As he got the bacon going and grabbed the eggs out of the fridge, he kept his tone casual. “So you knew my old man well, huh?”
“He was very kind to me.”
I’ll bet. “You lived here two years, you said?”
“Since I got out of nursing school. I wasn’t around much as I work at a clinic in Roxbury and I moonlight at BMC a lot, but we spent some time together.” A sad smile lifted her mouth. “Your father always said I worked too hard.”
Did he? What a prince. “And you took care of this place, too, didn’t you? I mean, it’s pretty obvious. He never was into housekeeping when I knew him.”
“Well, at first he wouldn’t let me. But after a while, he needed help.” She cleared her throat. “When was the last time you saw him? If you don’t mind my asking.”
“A while. He told you not to call me until it was over, right?”
As she stayed quiet, he cracked eggs into a bowl and started to beat them with a fork. The choppy, liquid sound cut through her silence.
He looked over his shoulder. “Didn’t he?”
“Yes. It felt wrong not to, but I respected his wishes.”
When her green eyes lifted to his, he stopped dead.
Check out that stare, he thought. So compassionate. So…kind.
As he looked at her face, something popped in his chest, like a lid being released. And what came out of his inner soda can was a yearning that unsettled him. He literally wanted to dive right into those warm eyes of hers.
“I think the bacon is burning,” she said.
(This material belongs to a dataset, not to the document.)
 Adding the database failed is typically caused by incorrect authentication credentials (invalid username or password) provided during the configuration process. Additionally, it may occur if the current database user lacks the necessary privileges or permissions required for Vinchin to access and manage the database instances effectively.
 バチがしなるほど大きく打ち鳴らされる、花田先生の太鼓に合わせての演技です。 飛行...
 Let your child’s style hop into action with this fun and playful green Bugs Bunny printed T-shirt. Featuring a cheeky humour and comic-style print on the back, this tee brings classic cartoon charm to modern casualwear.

He cursed and got back with the program. As he transferred the strips onto a paper towel–covered plate, he asked, “So where are you from?”
“The north shore. Essex. My mother is still up there.” Lizzie laughed a little. “I was hoping to introduce your father to her. Maybe they could have been friends. But your father liked to keep to himself.”
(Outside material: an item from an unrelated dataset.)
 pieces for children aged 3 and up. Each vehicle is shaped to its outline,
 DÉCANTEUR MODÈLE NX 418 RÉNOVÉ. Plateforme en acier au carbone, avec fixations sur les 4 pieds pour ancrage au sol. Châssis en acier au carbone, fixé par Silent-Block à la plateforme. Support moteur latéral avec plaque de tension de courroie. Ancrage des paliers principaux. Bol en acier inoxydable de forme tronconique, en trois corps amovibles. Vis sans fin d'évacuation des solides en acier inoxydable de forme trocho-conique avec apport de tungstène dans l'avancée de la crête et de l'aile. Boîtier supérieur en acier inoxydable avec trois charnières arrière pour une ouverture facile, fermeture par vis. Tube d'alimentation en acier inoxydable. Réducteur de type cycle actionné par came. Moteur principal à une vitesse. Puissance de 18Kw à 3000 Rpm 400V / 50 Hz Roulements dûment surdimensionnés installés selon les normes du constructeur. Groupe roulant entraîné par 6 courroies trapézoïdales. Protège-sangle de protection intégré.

Or maybe keep Lizzie to himself? “You got a husband or a boyfriend there, Lizzie?”
As she blushed again, he became absorbed in the pink tint on her face. To the point that when she dipped her head, he found himself leaning to the side so he could keep measuring her cheeks.
Man, the women he knew in Manhattan did not blush and he realized he liked it. Or hell, maybe he just liked this particular woman turning red.
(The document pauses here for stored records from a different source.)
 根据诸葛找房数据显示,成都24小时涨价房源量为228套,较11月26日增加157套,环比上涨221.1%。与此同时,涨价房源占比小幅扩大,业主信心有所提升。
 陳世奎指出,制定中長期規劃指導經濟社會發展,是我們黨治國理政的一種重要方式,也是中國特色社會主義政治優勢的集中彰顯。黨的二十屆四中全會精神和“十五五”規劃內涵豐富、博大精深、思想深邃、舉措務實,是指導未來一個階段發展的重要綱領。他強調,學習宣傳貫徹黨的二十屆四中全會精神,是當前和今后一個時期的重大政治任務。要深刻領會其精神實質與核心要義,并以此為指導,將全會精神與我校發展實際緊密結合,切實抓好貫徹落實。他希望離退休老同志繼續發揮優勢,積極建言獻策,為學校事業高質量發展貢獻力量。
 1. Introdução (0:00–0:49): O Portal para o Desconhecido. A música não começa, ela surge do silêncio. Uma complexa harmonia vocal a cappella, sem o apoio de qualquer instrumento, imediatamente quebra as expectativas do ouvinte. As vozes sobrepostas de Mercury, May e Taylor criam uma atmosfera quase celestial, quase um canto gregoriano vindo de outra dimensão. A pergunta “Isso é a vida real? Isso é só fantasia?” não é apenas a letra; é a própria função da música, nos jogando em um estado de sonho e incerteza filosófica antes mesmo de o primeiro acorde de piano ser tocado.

“Lizzie? Was my question too personal?”
“Not at all. I don’t have a husband. Or boyfriend. Too busy.”
Good, he thought. Then frowned.
Wait a minute. Not good. Doesn’t matter. None of his business.
Besides, maybe she’d been saving herself for his father. God, what a cringer that was.
“What about you?” she asked. “Are you married?”
“Nope. Not my thing.”
“Why not?”
Well, there were a whole bunch of why nots. The first of which was prenups could be broken and he had no intention of someone in stilettos walking off with his hard-earned cash. More than that, though, you had to trust your wife wouldn’t play you. And he’d long ago lost the illusion that faith in lovers or business associates could be justified.
Hell, maybe he’d never had it. His two brothers were really the only people on the planet he believed in.
“No particular reason,” he said, dumping the eggs into the pan. As a hiss rose up from the hot iron, he tacked on, “Other than I’m a loner.”
She smiled. “Like your father.”
He whipped his head around. “I am nothing like my father.”
As she recoiled, he didn’t apologize. Some things needed to be stated clearly and he was not like that abusive, drunken bastard on any level.
“You like a lot of pepper in your eggs?” he said to fill up the silence.